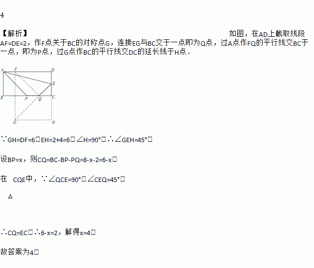 如图,矩形ABCD中,AB=4,BC=8,E为CD边的中点,点P、Q为BC边上两个动点,且PQ=2,当四边形APQE的周长最小时,BP=____________.
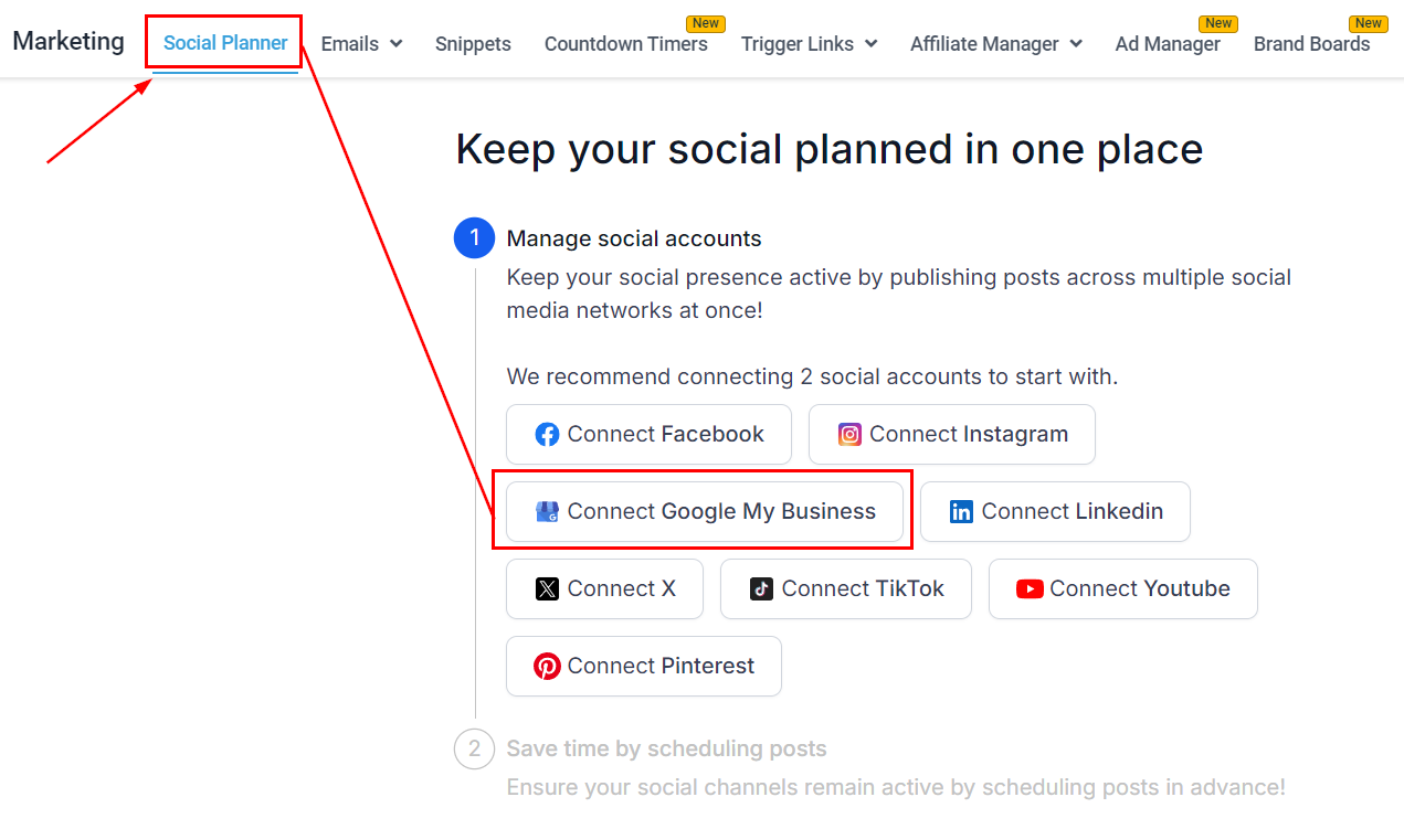 To get started, log into your account go to the Marketing tab, and click on Social Planner. If you havenβt connected to any social accounts yet, you will have the option to select GMB from the icons.
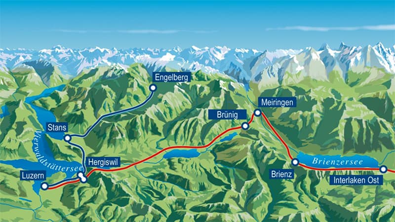 El primero Sarnen, entre bosques y prados, rodeado de escarpadas cordilleras. Después, Brünig-Hasliberg, el punto culminante de la ruta (1001m.), que nos ofrece un panorama impresionante de los Alpes berneses y sus cascadas. Siguiente parada: Brienz, un pueblo típico suizo de chalets situado en un enclave privilegiado entre montañas y a orillas de un lago. Y la última estación: Interlaken, entre los lagos Brienz y Thun, con vistas panorámicas de las montañas Eiger, Mönch y Jungfrau.
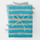 Feuille De Papier Cadeau Aqua Blue Silver Sparkly Confetti Stripes
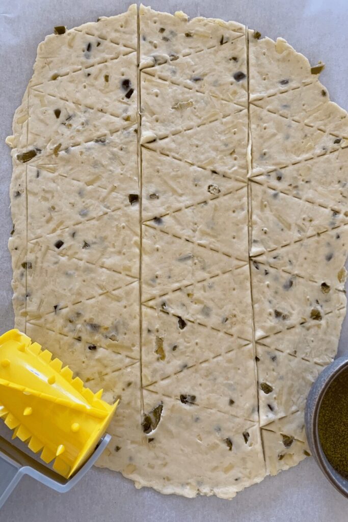 Cutting Sourdough Crackers with Jalapeño & Cheese
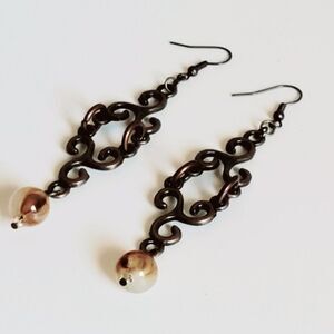 These fun earrings are 3 inches long, made with copper color light-weight alloy metal & 10mm glass beads.
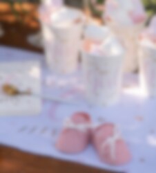 4 stk. lyserosa søte babysko som kan brukes som pynt, eller en liten boks til å legge godteri i og overraske gjestene dine i dåpen eller på babyshoweren. De er laget av bomull og er ca. 8,5 x 4,5 x 3 cm store.

● **THE PROBLEM**: For this exercise, retype exactly, and only, the lines from the line with "These fun earrings" through the last line of the material above, both included. Pictures stay out.

● **EXPECTED ANSWER**:
 These fun earrings are 3 inches long, made with copper color light-weight alloy metal & 10mm glass beads.
 4 stk. lyserosa søte babysko som kan brukes som pynt, eller en liten boks til å legge godteri i og overraske gjestene dine i dåpen eller på babyshoweren. De er laget av bomull og er ca. 8,5 x 4,5 x 3 cm store.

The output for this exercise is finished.